▶ **Your objective**
From the entries below, copy every line holding the word "acte".

───── Material supplied ─────

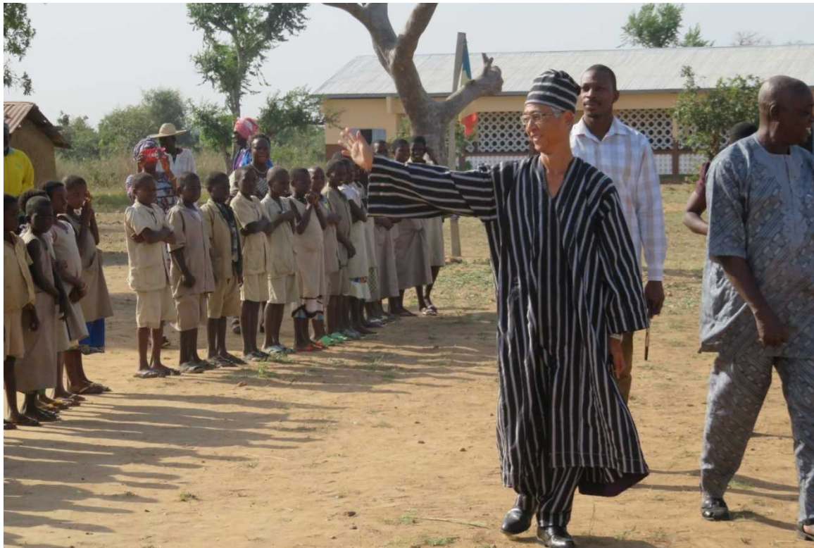
<Inauguration du module de salle de classes à Kandi par M. Kiyofumi KONISHI, Ambassadeur du Japon>
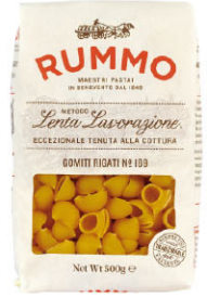
RMO10319 N.169 蝸牛殼麵 Gomiti Rigati 規格 500g*16包/箱
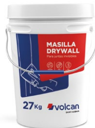
BALDE 27 KG
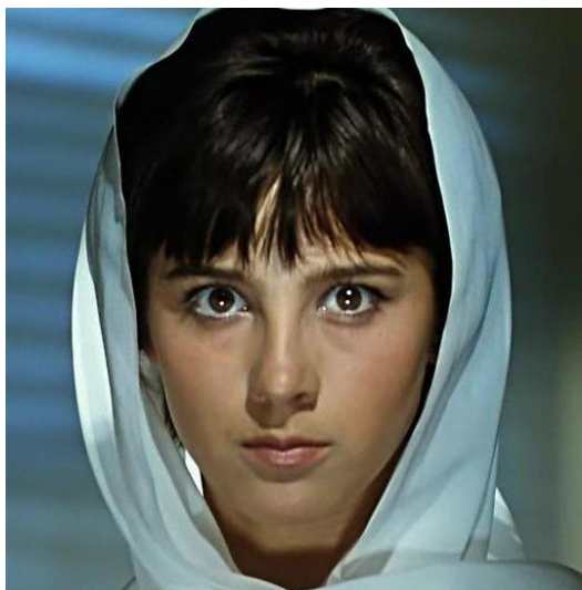
Наталья Варлей. Кадр из фильма «Кавказская пленница»
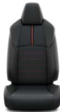
Tapicerka skórzana (skóra naturalna) Opcja w Pakiecie VIP
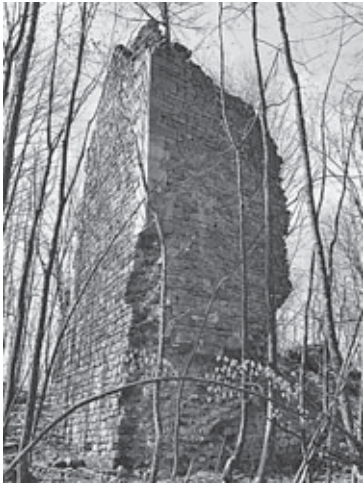
Ostaci romaničke branič-kule tvrđoga grada Blagaja
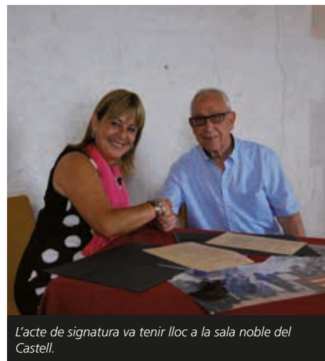
L'acte de signatura va tenir lloc a la sala noble del Castell.

L'Alcaldessa va cloure l'acte anunciant que l'Ajuntament està treballant perquè pròxi-
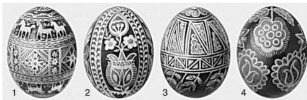
Писанки: 1—2 — гуцульские; 3 — румынская; 4 — чешская.

упырями и мертвецами-навьями. Миф говорит об извечной борьбе жизни и смерти, добра и зла. До той поры, пока никто не ведет борьбы со злом, не посягает на скрытую, но существующую внутри мира (в яйце) потенциальную гибель Зла, оно бессмертно, и только героические подвиги, отважное самопожертвование человека и содружество его с живыми силами природы ("благодарные животные") могут доказать, что жизненное начало вечно, что жизнь в мире торжествует над умиранием отдельных частиц мира» [1]. Обобщая, скажем: для наших предков яйцо было калькой Вселенной.
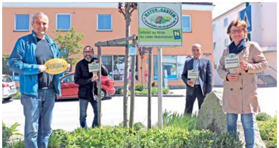
Gmünd ist seit einigen Jahren „Natur im Garten“-Gemeinde und wurde bereits mehrfach mit dem „Goldenen Igel“ ausgezeichnet. Auch viele Bürgerinnen und Bürger tragen durch ihr Engagement zu diesem ökologischen Erfolg bei.

Bürger betätigen sich nicht nur bei der Beseitigung von Unkraut, sie kümmern sich auch um ganze Grünflächen und Staudenbeete, wie zum Beispiel im Wasserfeld, der Czadekgasse oder der Sportplatzgasse. Ich möchte allen danken, die hier zu Werk gehen und gleichzeitig auch andere aufmuntern, diesem Beispiel zu folgen.“ Weitere Infos dazu gibt es in der Abteilung Bauwesen (Tel.Nr. 02852/52506-310). <<
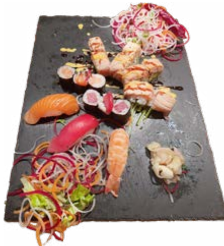
Menü 219: 28,00€

Montag bis Freitag vom 11.30 bis 14.30 Uhr 15% Rabatt auf Mittags-Sushi Menü
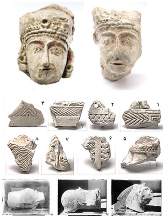
شکل ۵: قطعاتی از گچبری‌های کشف‌شده از تپه نظام‌آباد.

نقوش هندسی شامل دواپر، لوزی‌ها، چهارگوش، دالبری، مثلث است و نقوش ترکیبی شامل تاق‌ها یا قاب‌های مرواریدنشان و یا ترکیبی از نقوش گیاهی و هندسی با هم دیده می‌شود. بخش‌هایی از گچبری‌های کشف‌شده از تپه نظام‌آباد را عناصر وابسته به معماری تشکیل می‌دهد. در این بین قاب گچی و نقش طاق هلالی به چشم می‌خورد.
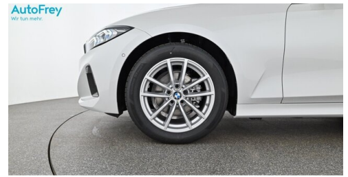
AutoFrey - Villach - www.autofrey.at
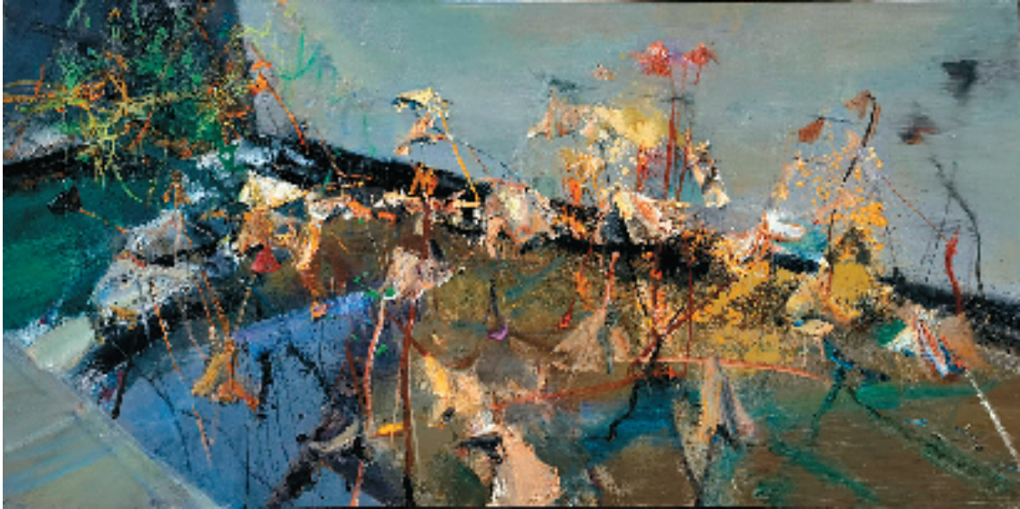
杨参军 荷塘之一 100x200cm 布面油画 2023年
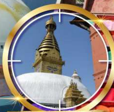
วัดสยมภูนารถ
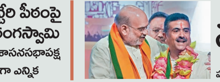
బెంగాల్ సిఎంగా సువేంద్రు నేడు కోల్ కతాలో ప్రమాణం హాజరు కానున్న ప్రధాని, కేంద్రమంత్రులు

కోల్ కతా, మే 8: అన్ని ఉపగ్రామాలకు తెరచివేస్తూ, పశ్చిమ బెంగాల్ ముఖ్యమంత్రి అభ్యర్థిగా సువేంద్రు అధికారిని భారతీయ జనతా పార్టీ ఎంపిక చేసింది. శుక్రవారం కోల్ కతాలో కేంద్ర హోం మంత్రి అమిత్ షా అధ్యక్షతన టిజిపి శాసనసభా పక్ష సమావేశం జరిగింది. ఈ సమావేశంలో సువేంద్రు పేరు ప్రతిపాదనకు రాగా, కొత్తగా ఎంపికైన ఎమ్మెల్యేలు ఏకగ్రీవంగా ఆమోదించారు. దీంతో పశ్చిమబెంగాల్ టిజిపి శాసనసభాపక్ష నేతగా సువేంద్రు అధికారిని కేంద్రం హోం మంత్రి అమిత్ షా ప్రకటించారు. కాబట్టి సిఎంగా సువేంద్రును అభివృద్ధింపారు. సోనార్ బంగ్లా కలం నాశారానికి కొత్త ప్రభుత్వం పనిచేస్తుందని చెప్పారు. తృణమూల కాంగ్రెస్, లెఫ్ట్ పార్టీలను ఓడిస్తూ తీర్చిదిద్దిన ప్రజలకు కృతజ్ఞతలు తెలిపారు. బెంగాల్ ఎన్నికల్లో పలు ఔదారీలు,
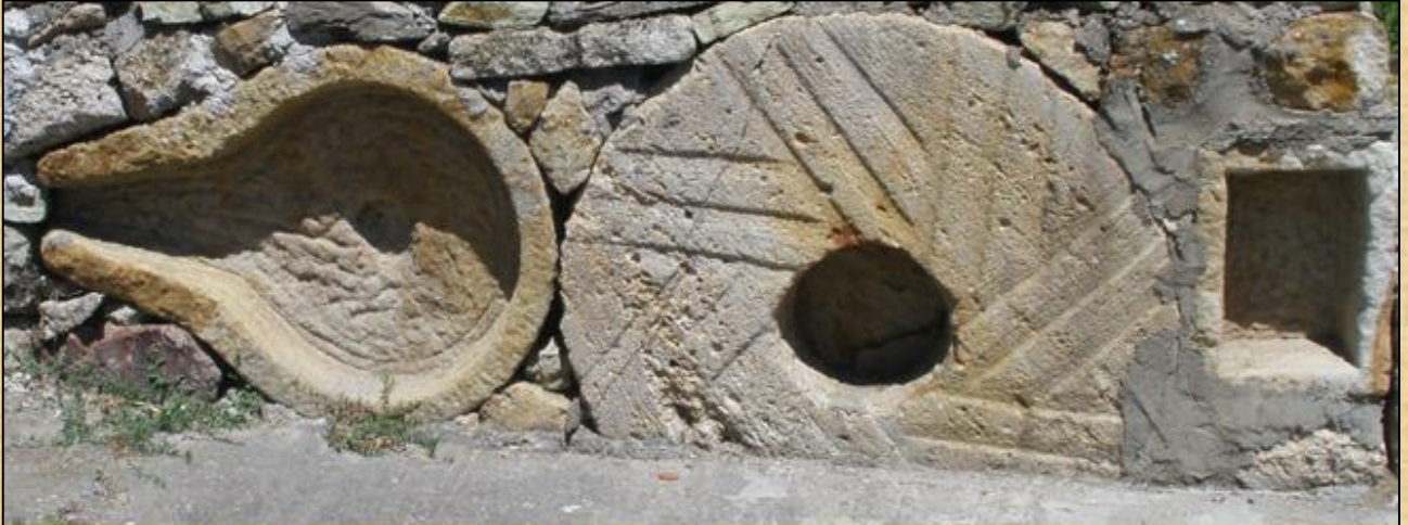
Μεταχειρισμένα Προϊόντα επεξεργασμένης πέτρας, σε πέτρινη κατασκευή, μετά την ολοκλήρωση του κύκλου ζωής του αρχικού σκοπού κατασκευής τους

Τελευταία πώληση πραγματοποιήθηκε το 1963.
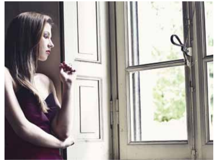
Naabrivalve hõlmab kõiki täiskasvanuid igas vanuses.
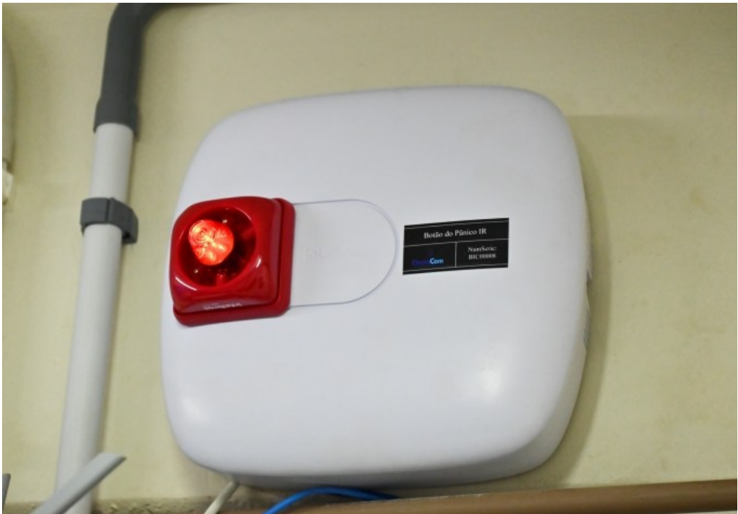
Figura 233: Botão de emergência implantado nas escolas

Professores e servidores das escolas e da Secretaria Municipal de Educação passaram por formação especial com a Polícia Militar e o Corpo de Bombeiros para entender o funcionamento do botão de emergência.
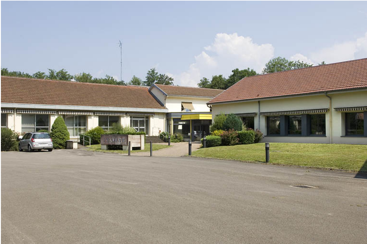
Vue d'ensemble depuis l'entrée.
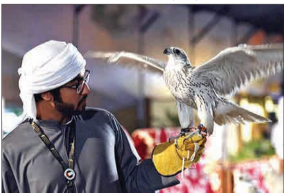
تفریح با پرندگان شکاری میراث حیوانات بی‌رحمی علیه حیوانات است. با وجود اعتراضات مختلف نسبت به این امر، در ریاض پایتخت عربستان سعودی نمایشگاه شاهین‌های شکاری برپا شده است. (فرارو)

─────

▶ **Reply to the task**
L'acte de signatura va tenir lloc a la sala noble del Castell.
L'Alcaldessa va cloure l'acte anunciant que l'Ajuntament està treballant perquè pròxi-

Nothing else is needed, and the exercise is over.